0

I have a perfect code that compares the data from one table with another (see below) which works totally fine and runs fine as well in BigQuery:

with source1 as (
select 
b.id, 
b.qty, 
a.price 
from <table> as a
,unnest <details> as b
 where b.status != 'canceled'
),

source2 as (
select id_, qty_, price_  from <table2>
where city != 'delhi'
) 

select *
from source1 s1
full outer join source2 s2
on id = id_
where format('%t', s1) != format('%t', s2)

However, the code above runs into an error in sqlfluff i.e a certain SQL formatting rules checker that I can't bypass or turn off, see the error from sqlfluff below:

ERROR FROM SQLFLUFF:

*'s1' found in select with more than one referenced table/view' and 's2' found in select with more than one referenced table/view

Does anybody know how I can fix it ?

trillion
  • 1,207
  • 1
  • 5
  • 15
  • you should provide sample data and show what is missing - this is the only way I see to be able to help you – Mikhail Berlyant Nov 18 '22 at 04:28
  • I have added more description and the sample data @MikhailBerlyant – trillion Nov 18 '22 at 21:55
  • it is kind of lets say an extension to this question https://stackoverflow.com/questions/74205934/comparing-two-sources-columns-values-in-bigquery that you answered previously – trillion Nov 18 '22 at 21:57
  • looks like the issue is because of use of that 3rd party tool that I am not familiar with, so not sure how I can help further :o( – Mikhail Berlyant Nov 18 '22 at 22:37
  • @MikhailBerlyant Can you help me with the second issue ? that is tackling the where clauses ? – trillion Nov 20 '22 at 15:02
  • @MikhailBerlyant I have shared the sample data and the expected results, the issue is with the pending column and the city column in only one of the tables, which makes the serialization not work properly if I add those column to select statements, do you know how can I achieve the expected results as shown in the picture ? – trillion Nov 20 '22 at 15:04
  • or should i add it as a separate question on StackOverflow ? – trillion Nov 20 '22 at 15:27
  • i think the more nuances you are adding to the same question - the less chances you have to get answer as it becomes too messy. you should be able to split your problems/issues to the separate smaller and more manageable questions and post them as a separate question(s) not as an extension/continuation/follow-up/etc. :o) – Mikhail Berlyant Nov 20 '22 at 17:42
  • @MikhailBerlyant Yes, you are right.

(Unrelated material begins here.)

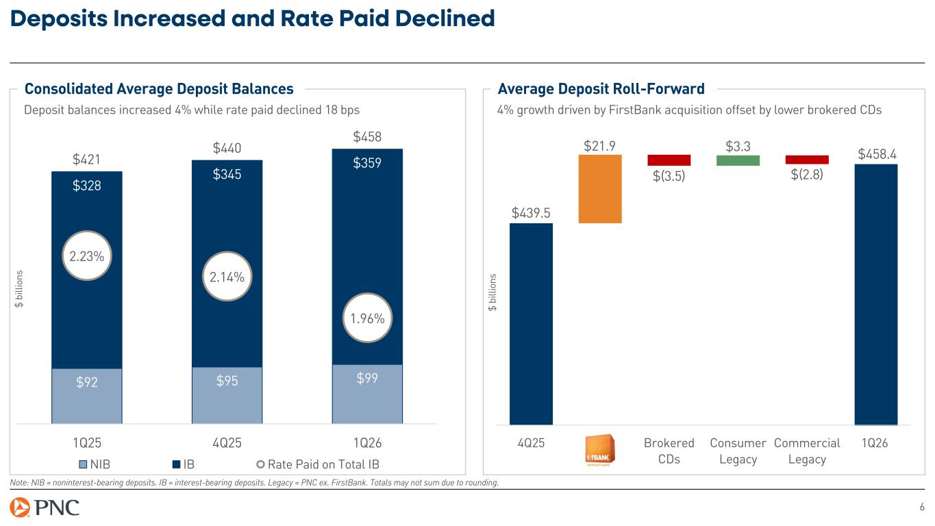 5 Higher Loan Balances Driven by Legacy C&I Growth and FirstBank Acquisition Note: YoY = year over year. LQ = linked quarter. C&I = commercial and industrial. CRE = commercial real estate. Legacy = PNC ex. FirstBank. Totals may not sum due to rounding. Consolidated Average Loan Balances Average loans increased 7% LQ and 11% YoY $ bi lli on s Consumer: +6% LQ and YoY Total Loan Yield: (10) bps LQ C&I: +6% LQ and +15% YoY Spot Loan Roll-Forward 9% growth driven by FirstBank acquisition and legacy C&I growth $ bi lli on s 4Q25 C&I Legacy CRE Legacy Consumer Legacy 1Q26 $331.5 $15.1 $(1.2) $360.9 CRE: +14% LQ and +4% YoY $15.5 $0.1 $100 $99 $105 $33 $30 $34 $184 $199 $211 $317 $328 $351 5.70% 5.60% 5.50% 1Q25 4Q25 1Q26 Consumer CRE C&I Total Loan Yield

Apologies for that. I have added a new question :) here is the link: https://stackoverflow.com/questions/74511941/comparison-of-columns-between-two-tables-with-different-filters – trillion Nov 20 '22 at 21:26

2 Answers2

0

Windows function may perform better.

Instead of joining, the tables are unioned. Then a window function will search for combinations. As you tagged this question [Big-Query] it is tested for BigQuery:

with s1 as (
select id, qty, city from <table> where x != 'pending'
),

s2 as (
select id_, qty_, city_  from <table2>
),

concat_ as (
  select 1 as dummy, * , format('%t',s1) as dummy_all
  from s1
union all select 2 as dummy, * , format('%t',s2) as dummy_all
  from s2
)
,combine as (
  select *,
    sum(if(dummy=1,1,0)) over win1 = sum(if(dummy=2,1,0)) over win1 as dummy_flag
  from concat_
  window win1 as (partition by id,dummy_all)
  )

  Select * from combine
  where dummy_flag is false
Samuel
  • 2,923
  • 1
  • 4
  • 19
0

I fixed the code by adding extra CTE and adjusting the where caluse this would not flag the sqlfluff rules:

To fix that, I tried the second code (see below):

  • added additional ctes
  • adjusted the where clause so that I can get all the rows where the id exists in one source but not in another and vice versa

the code seems to work but it would be great if someone could suggest how I can reduce the CTEs, considering the sqlfluff will not fail:

with s1 as (
select 
b.id, 
b.qty, 
a.price 
from <table> as a
,unnest <details> as b
 where b.status != 'canceled'
),

s2 as (
select id_, qty_, price_  from <table2>
where city != 'delhi'
),

,concat_s1 as (
  select
    *
    , format('%t',s1) as l1
  from s1
)

,concat_s2 as (

  select
    *
    , format('%t',s2) as l2
  from s2
)

, combined as (
  select
    source1.*
    ,source2.*
  from concat_s1 as source1
  full outer join concat_s2 as source2
    on source1.id_ = source2.id_
  where source1.l1 != source2.l2
    or source1.id is null or source2.id_ is null
trillion
  • 1,207
  • 1
  • 5
  • 15